Original Source: [splunk source]
Name:M365 Copilot Jailbreak Attempts
id:b05a4f25-e07d-436f-ab03-f954afa922c0
version:1
date:2025-09-24
author:Rod Soto
status:experimental
type:Anomaly
Description:Detects M365 Copilot jailbreak attempts through prompt injection techniques including rule manipulation, system bypass commands, and AI impersonation requests that attempt to circumvent built-in safety controls. The detection searches exported eDiscovery prompt logs for jailbreak keywords like "pretend you are," "act as," "rules=," "ignore," "bypass," and "override" in the Subject_Title field, assigning severity scores based on the manipulation type (score of 4 for amoral impersonation or explicit rule injection, score of 3 for entity roleplay or bypass commands). Prompts with a jailbreak score of 2 or higher are flagged, prioritizing the most severe attempts to override AI safety mechanisms through direct instruction injection or unauthorized persona adoption.
Data_source:
  • -M365 Exported eDiscovery Prompts
search:`m365_exported_ediscovery_prompt_logs`
| search Subject_Title="*pretend you are*" OR Subject_Title="*act as*" OR Subject_Title="*rules=*" OR Subject_Title="*ignore*" OR Subject_Title="*bypass*" OR Subject_Title="*override*"
| eval user = Sender
| eval jailbreak_score=case( match(Subject_Title, "(?i)pretend you are.*amoral"), 4, match(Subject_Title, "(?i)act as.*entities"), 3, match(Subject_Title, "(?i)(ignore|bypass|override)"), 3, match(Subject_Title, "(?i)rules\s*="), 4, 1=1, 1)

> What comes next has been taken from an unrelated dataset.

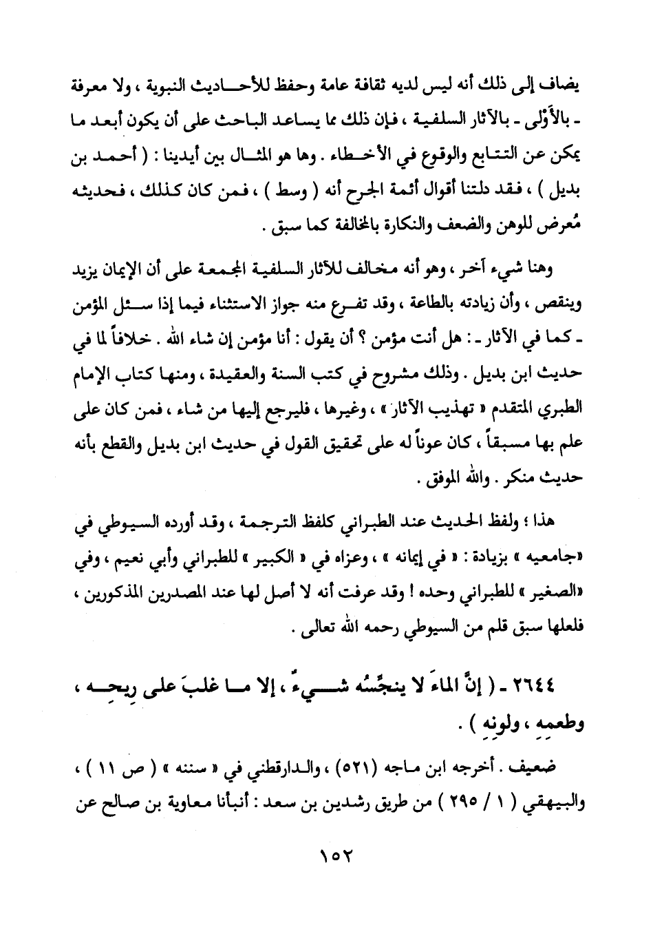 وهنا شيء آخر، وهو أنه مخالف للآثار السلفية المجمعة على أن الإيمان يزيد وينقص، وأن زيادته بالطاعة، وقد تفرع منه جواز الاستثناء فيما إذا سئل المؤمن - كما في الآثار -: هل أنت مؤمن؟ أن يقول: أنا مؤمن إن شاء الله. خلافا لما في حديث ابن بديل. وذلك مشروح في كتب السنة والعقيدة، ومنها كتاب الإمام الطبري المتقدم " تهذيب الآثار "، وغيرها، فليرجع إليها من شاء، فمن كان على علم بها مسبقا،؟ كان عونا له على تحقيق القول في حديث ابن بديل والقطع بأنه حديث منكر. والله الموفق.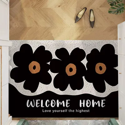 Zerbino rettangolare in PVC con margherita nera e kaki

| where jailbreak_score >= 2
| table _time, user, Subject_Title, jailbreak_score, Workload, Size
| sort -jailbreak_score, -_time
| `m365_copilot_jailbreak_attempts_filter`


how_to_implement:To export M365 Copilot prompt logs, navigate to the Microsoft Purview compliance portal (compliance.microsoft.com) and access eDiscovery. Create a new eDiscovery case, add target user accounts or date ranges as data sources, then create a search query targeting M365 Copilot interactions across relevant workloads. Once the search completes, export the results to generate a package containing prompt logs with fields like Subject_Title (prompt text), Sender, timestamps, and workload metadata. Download the exported files using the eDiscovery Export Tool and ingest them into Splunk for security analysis and detection of jailbreak attempts, data exfiltration requests, and policy violations.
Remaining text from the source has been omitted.